For all problems that you must write explanations and sentences for, you **must** provide your answer in the designated space. **Moreover, throughout this homework and all future ones, please be sure to not re-assign variables throughout the notebook!** For example, if you use `max_temperature` in your answer to one question, do not reassign it later on. Otherwise, you will fail tests that you thought you were passing previously!


**Note: This homework has hidden tests on it. That means even though the tests may say 100% passed, it doesn't mean your final grade will be 100%. We will be running more tests for correctness once everyone turns in the homework.**


Directly sharing answers is not okay, but discussing problems with the course staff or with other students is encouraged.

You should start early so that you have time to get help if you're stuck.

In [None]:
# Don't change this cell; just run it.

import numpy as np
from datascience import *


# These lines do some fancy plotting magic.",
import matplotlib
%matplotlib inline
import matplotlib.pyplot as plt
plt.style.use('fivethirtyeight')
import warnings
warnings.simplefilter('ignore', FutureWarning)

## A Note on Confidence Intervals

**Remember:** A *confidence interval* represents a range of numbers in which a mean (or other statistical summary statistic) is likely to be. The likelihood of the *actual* mean being within our confidence interval is defined by a percentage (or confidence level).


This homework focuses on exploring confidence intervals from **two viewpoints**:


1.   Constructing confidence intervals from our given data based on the assumption that our data is *normal* (meaning the underlying data is bell-shaped).
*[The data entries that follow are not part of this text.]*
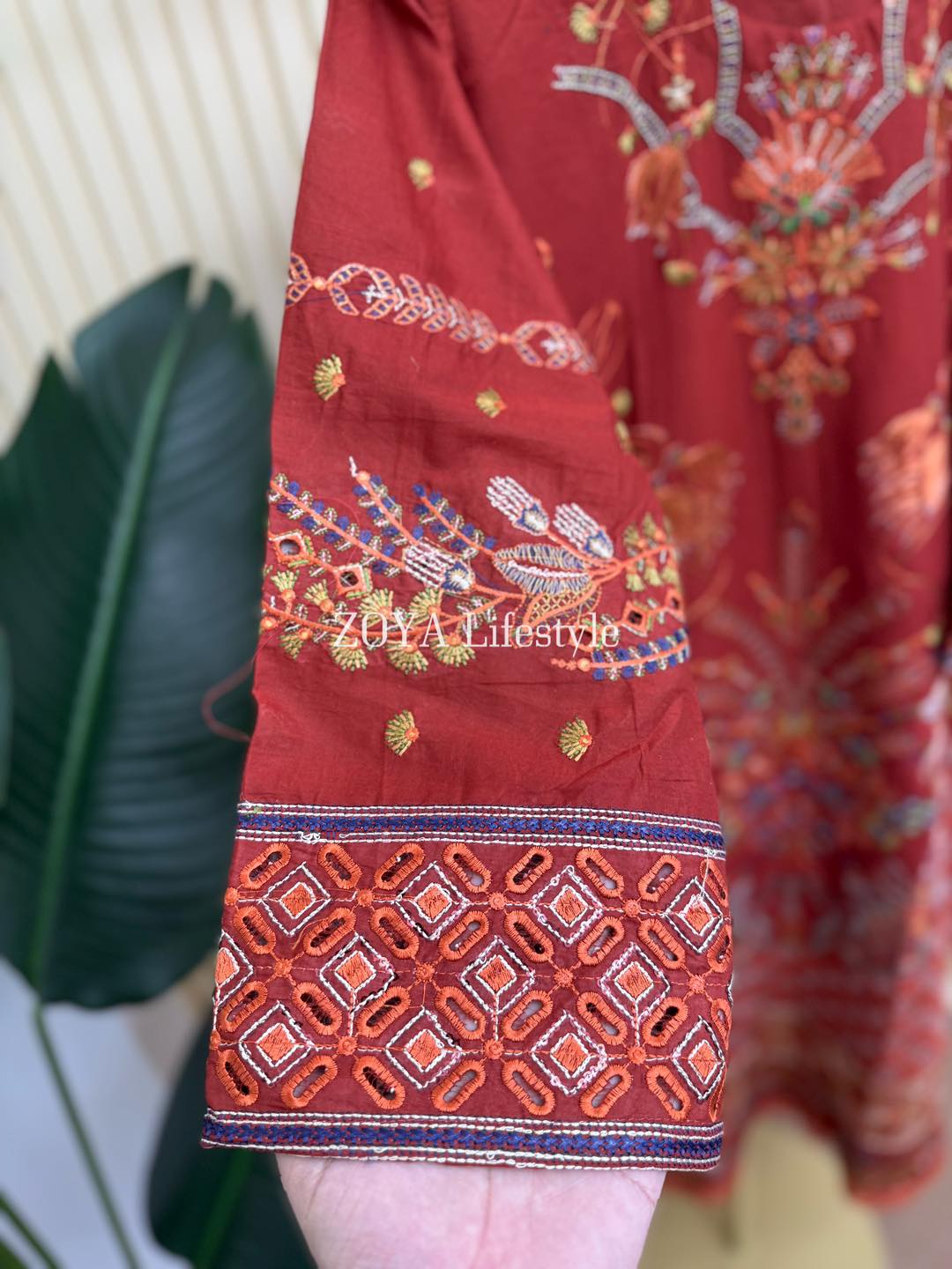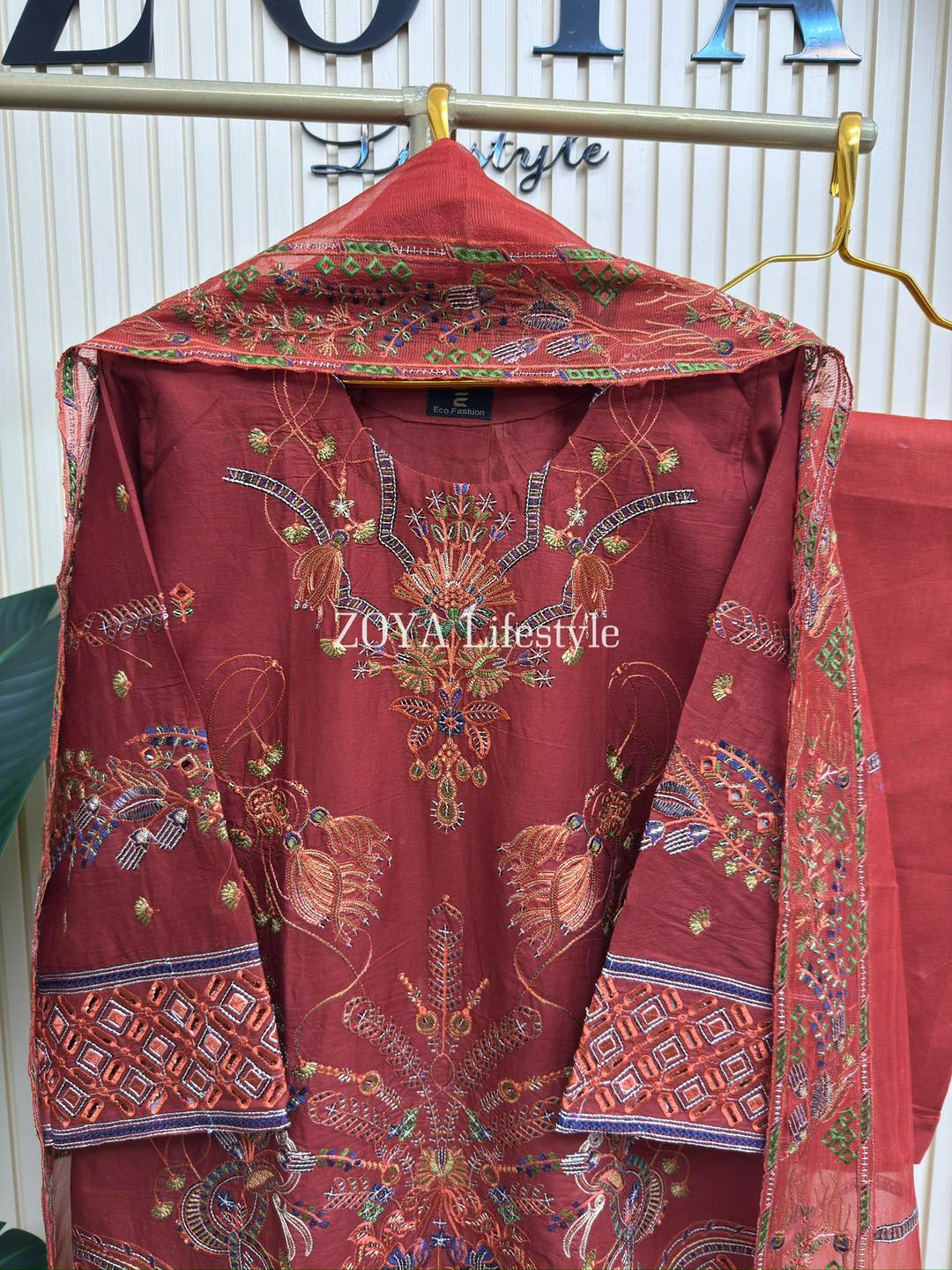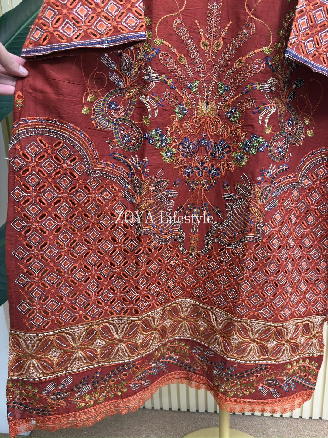 Material: Cotton kamiz with embroidery work on full body. Kota embroidered orna. Cotton pant.
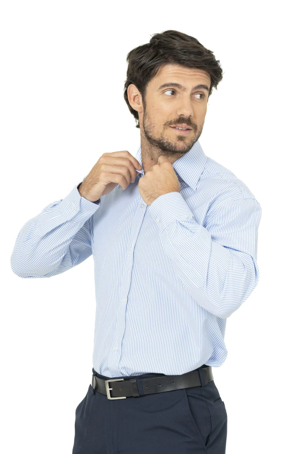 Camisa clásica semi entallada, manga larga con presilla para arremangar.
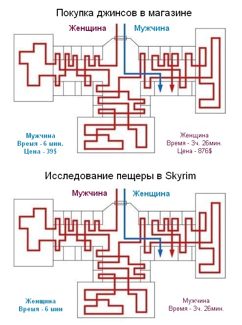 Скайрим - это РПГ, обычно дается квест, к примеру, убить главаря разбойников и забрать у него Меч Священных Пизлюдей. Местоположение данного разбойника отмечается в такой-то пещере. Игрок идет к этой пещере, заходит в нее и дальше варианты разделяются. Женщина якобы идет сразу напрямую к цели, выполняет квест и уходит, а мужчина якобы оббегает все закоулки в поисках дополнительных ништяков. От себя могу сказать, что почти все пещеры в Скайрим практически линейные и особо отворотов от прямого пути там нету, единственная разница может быть в том, что кто-то обыскивает все трупы убитых врагов, бочки и корзинки, кои в подземельях водятся в избытке, но на мой взгляд это зависит от состоятельности игрока, нужно ли ему собирать золото или нет. Вот как то так.
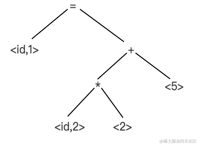 <id,1><=><id,2><*><2><+><5><;> - 语法分析将符号流转换成赋值的语法树,语义分析校验是否符合语法:
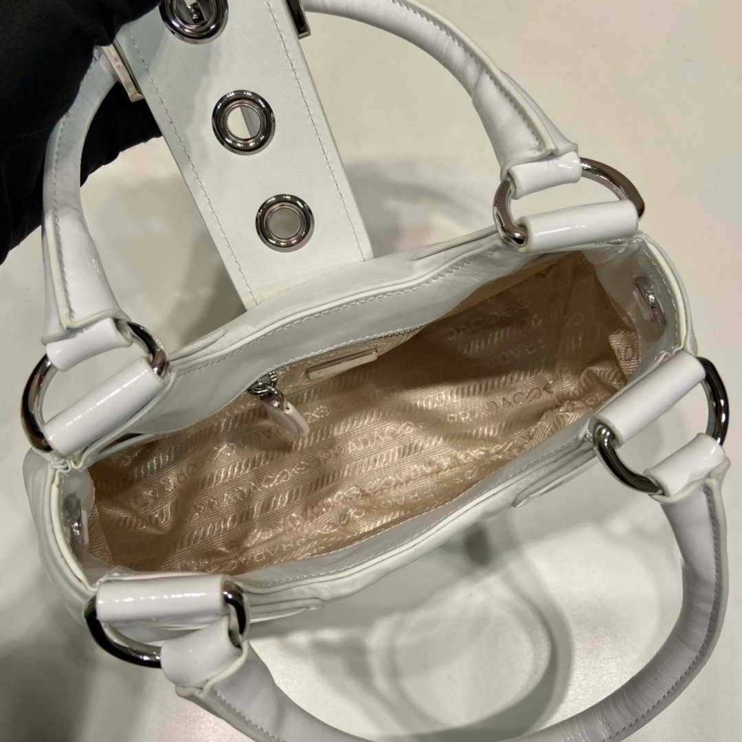 Replica Prada 1BA368 Moon padded patent leather bag White
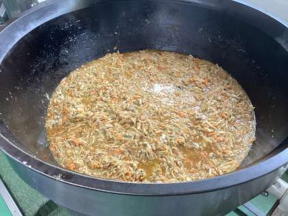 おろし豚丼には、大根おろしと豚肉だけでなく、玉ねぎやもやし、こねぎを入れています。野菜がたっぷりです。さらには、しそを入れて風味よく、さらにさっぱりいただけるよう仕上げています。
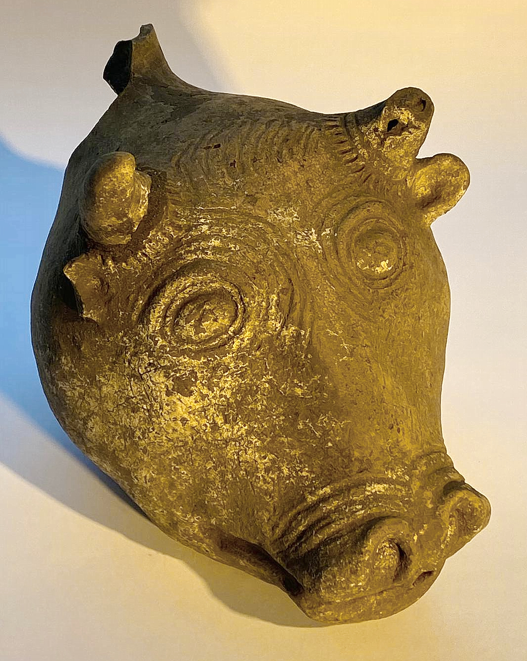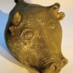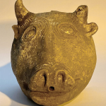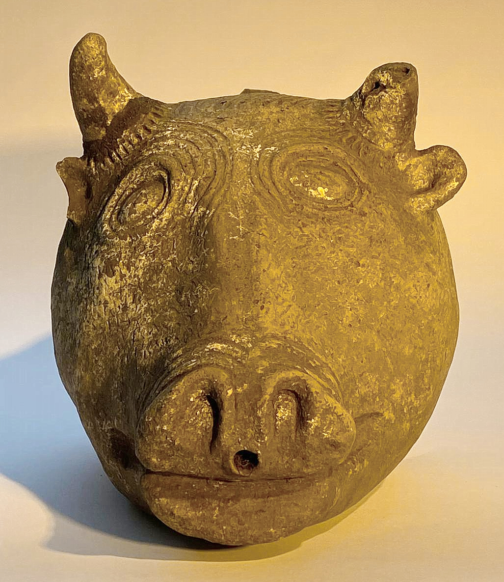 כלי זואומורפי בצורת ראש פר מחרס כהה. ככל הנראה מתקופת הברונזה התיכונה 2
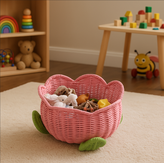 ตะกร้าหวายลายดอกไม้สีชมพูน่ารักสินค้าผลิตจากเวียดนาม
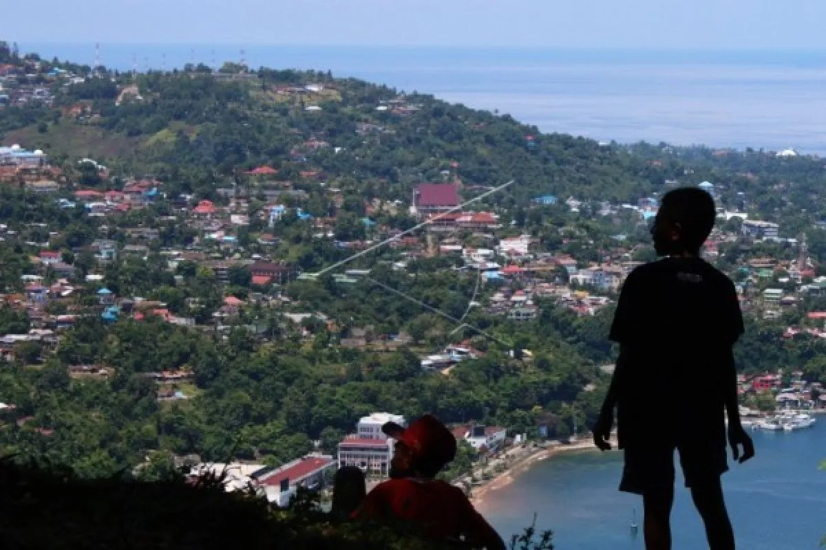 Sejumlah anak bermain di puncak Bukit Polimak, Jayapura. Puncak Bukit Polimak merupakan tempat terbaik untuk melihat panorama Kota Jayapura dan Samudra Pasifik dari ketinggian. ANTARA FOTO/Rivan Awal Lingga/kye/16
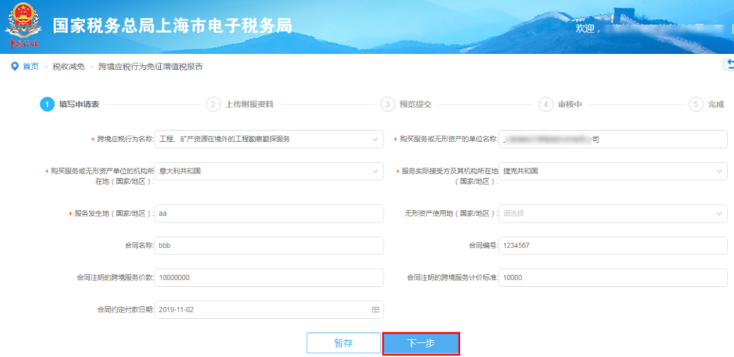 (1)跨境应税服务免税备案操作(以上海电子税务局操作为例):

This methodology requires a concept called the $z$-score, which we will go through below.
2.   Constructing confidence intervals using a bootstrap approach. This methodology requires no real assumptions about the underlying data being normal, but rather leverages the idea that we can *sample* from a large data set to get an estimate of what our confidence intervals should be.

These two methodologies are used *everywhere* in data science. You will explore data through statistical analysis, resampling, anomaly detection, and visualizations, with hands-on coding exercises and interpretive questions.

## 0. NOAA Tide Gauge Water Level Analysis

This part of the homework focuses on  NOAA tidal water gauges, which provide data that Cal Maritime Oceanographer Dr. Maryam Mohammadpour uses in her research, including to understand things like tsunamis!



### Part 1: Exploratory Data Analysis

We're working with a dataset of water levels over time. Our goal is to identify trends and anomalies.

Run the code below to load the data set.

In [None]:
data = Table.read_table('NOAA_Tide_Gauge_Water_Level_Dataset.csv')
print(data)

**Question A.** What variables do you notice in the dataset? What do you think each variable represents?

*Type your answer here, replacing this text.*

Edit the code below to compute the mean, median, and standard deviation to understand the data's central tendencies and spread.

In [None]:
water_levels = data.column('Water_Level_m')
mean_water = np.mean(...)
median_water = ...
std_dev_water = ...
print(f"Mean: {mean_water}, Median: {median_water}, Std Dev: {std_dev_water}")

**Question B.** How does the mean help us summarize the data? Why is it important to also consider the standard deviation?


*Type your answer here, replacing this text.*

###Part 2: Visualizing Trends

Now, we will plot the data to helps us visualize patterns over time. Run the code below.

In [None]:
# Convert 'Timestamp' to a datetime object for plotting
data_with_datetime = data.with_column(
    'Datetime', data.apply(lambda x: np.datetime64(x), 'Timestamp')
)

# Extract datetime and water level columns
timestamps = data_with_datetime.column('Datetime')
water_levels = data_with_datetime.column('Water_Level_m')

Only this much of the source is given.